Comparison of MSDB with existing microsatellite databases based on (A) the number of species for which data are available, and (B) database features and functionality aDoes not support dynamic filtering of the results; the filtering parameters should be selected initially bComparison only across different strains of same species cGrouping only based on the kingdoms dOnly a tabular view of the data without dynamic filters eFiltering only based on the type of repeat fOnly pie charts available MTRD: Microorganism Tandem Repeats Database (http://minisatellites.u-psud.fr); UgMSD: UgMicro SatDb (http://veenuash.info/web1/index.html); KMD: Kazusa Marker Database (http://marker.kazusa.or.jp/); PMDBase: Plant Microsatellite DNAs Database (http://www.sesame-bioinfo.org/PMDBase/index.html); TRDB: Tandem Repeats Database (https://tandem.bu.edu/cgi-bin/trdb/trdb.exe?taskid=0); FMS: FishMicro Sat (http://mail.nbfgr.res.in/fishmicrosat/); MICAS: http://www.mcr.org.in/micas/; EMSDb: EuMicroSat Db (http://www.veenuash.info/); SSRome: http://mggm-lab.easyomics.org/; MSDB: MicroSatellite DataBase (https://data.ccmb.res.in/msdb)

MATERIALS AND METHODS

Data sources

All genomic data was obtained from RefSeq and GenBank databases of NCBI, and the UCSC genome browser (19–21).

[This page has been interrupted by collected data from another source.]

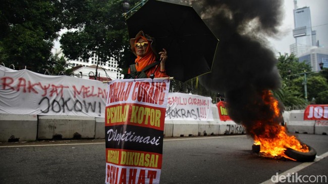 Aksi Bakar Ban Warnai Unjuk Rasa Tuntut KPU Jujur dan Adil
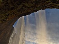 Koop de foto Seljalandsfoss - onder de waterval van Timon Schneider als print op canvas, aluminium dibond, (ingelijste) fotoprint, behang en ArtFrame. Voor jou op maat geprint in Fine-Art kwaliteit.
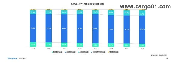 1)公路運(yùn)輸占比最高,達(dá)到國內(nèi)整體貨運(yùn)量的75%
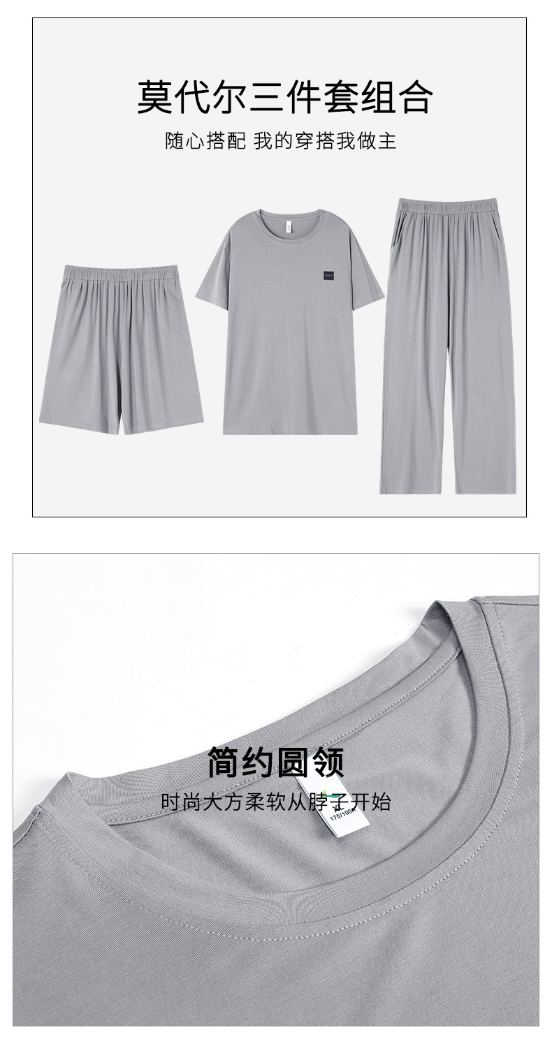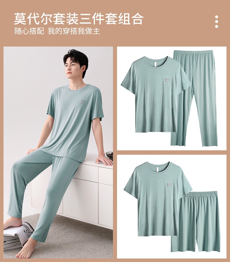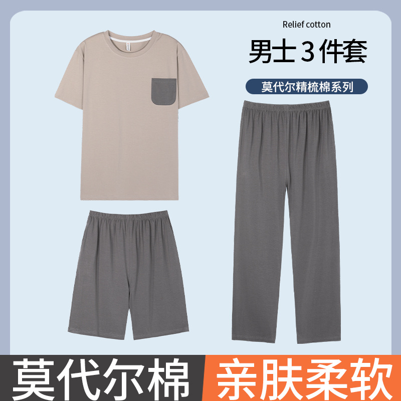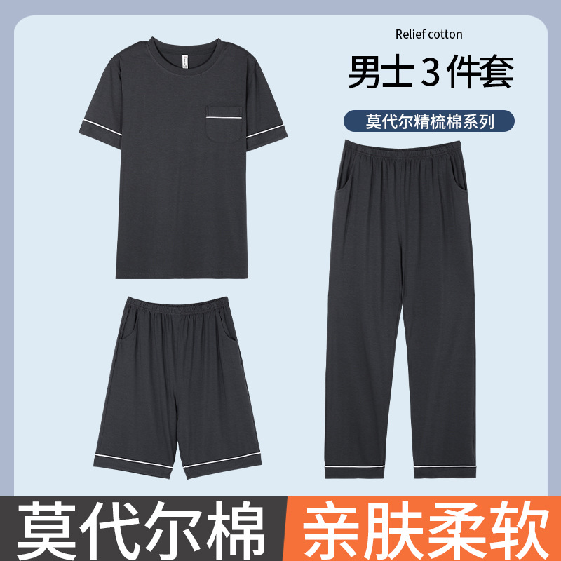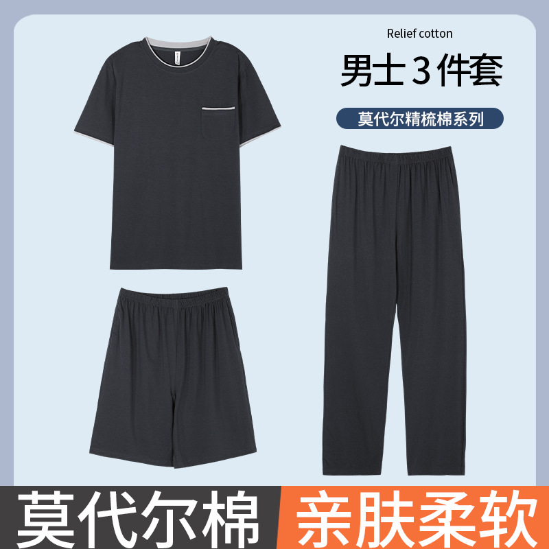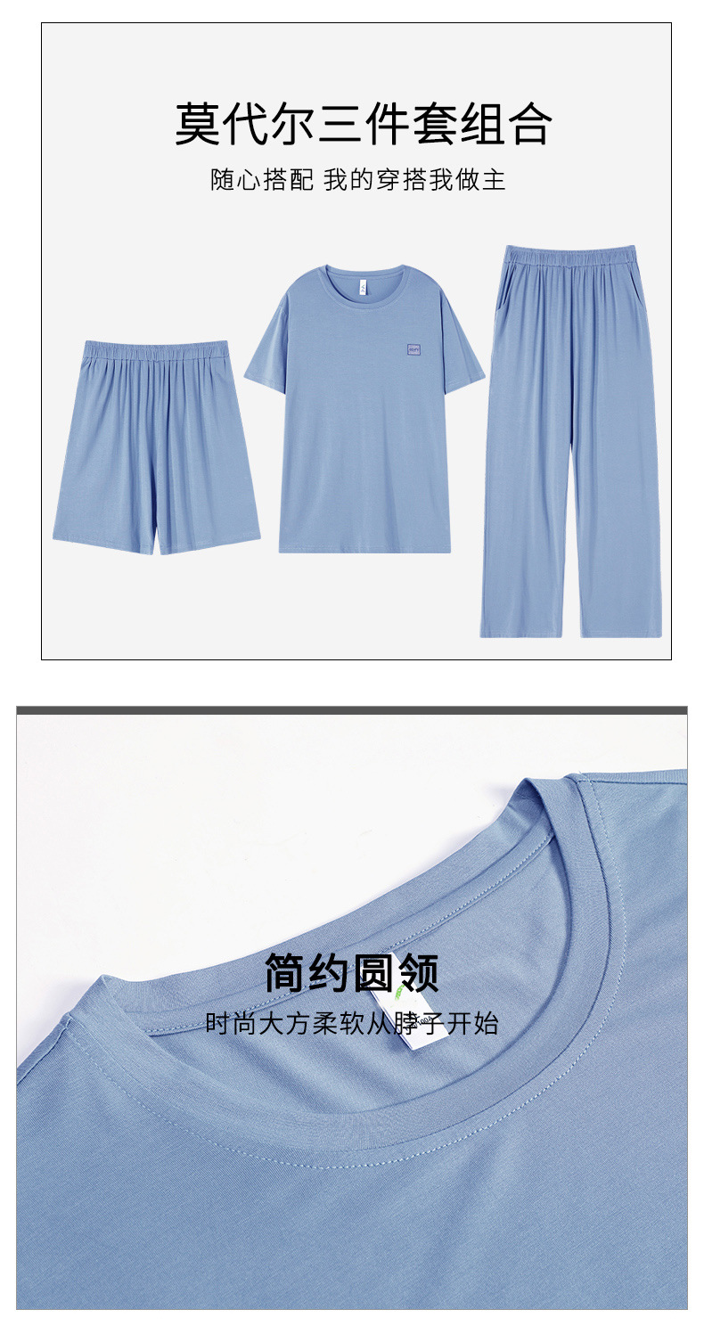 남성용 잠옷 여름용 얇은 아이스 실크 면 반팔 반바지 긴바지 3종 세트 여름용 아이스 실크 시원한 느낌의 홈웨어 남성용

Sequence information was downloaded in FASTA format, and the genic annotations where available were downloaded in GFF/GTF format. If a species was available in both RefSeq and GenBank, the RefSeq version was chosen as they are better curated and annotated than their GenBank counterparts. Preference was given to assemblies with better contiguity (chromosomes > scaffolds > contigs). If multiple genomes of the same assembly level were available, the most recently released version was chosen. We have verified that the most recent version had the highest N50 in all cases. For genomes from UCSC, the latest build for a species was chosen, and one previous build if available (e.g. hg38 and hg19 builds for humans). In addition to the sequences, other information about the species such as its phylogenetic classification was recorded. All genomes were given a unique MSDB ID before further processing.

Identification of repeats

Microsatellites from genomic sequences were identified using PERF (22). PERF classifies 5356 possible permutations of 1–6 nt long DNA motifs into 501 unique classes of microsatellites based on the cyclical variations and strand of the motif sequence (Supplementary Figure S1 and Table S1). A minimum length cutoff of 12 nt was used for all motif sizes. The output of PERF is a TSV file that follows BED format specification to describe the location and other information of the identified microsatellites. In addition to the FASTA input, gene annotations were provided to PERF in GFF/GTF format (where available), based on which the nearest gene for each microsatellite was identified along with the distance to the nearest TSS (transcription start site). Further, microsatellites were classified as exonic, intronic or intergenic repeats. PERF prints all information in a TSV file, one for each genome. The final output was sorted by chromosome order before it was added to the database.

Database design

The backend of MSDB is powered by MySQL, and queried and accessed using the Python-based Django framework as the middleware. The redesigned database consists of two tables; the genomes table stores all information about the available genomes in the database, and all microsatellite information are stored in a single large repeats table (Supplementary Figure S2). The repeats table is indexed on several keys to optimize retrieval of querysets. Most queries are optimized by the ORM (object relational model) of Django, which primarily employs lazy querysets to avoid repeated database hits. In addition, a cache is used to store information such as queryset counts to prevent unnecessary/redundant count queries. This improves the speed and responsiveness of the entire web interface and minimizes the computational overhead on the server.

Web interface

The front end of MSDB is an SPA (single-page application) built using VueJS (https://vuejs.org/) and Element UI (https://element.eleme.io/). The entire state of the website is stored in a single JavaScript object, which is valid across the tabs of the website. This ensures that the pages remember user selections and other settings until the website is reloaded again. Basic microsatellite information is pre-calculated and stored in species-specific JSON files, which are retrieved and used for rendering plots quickly.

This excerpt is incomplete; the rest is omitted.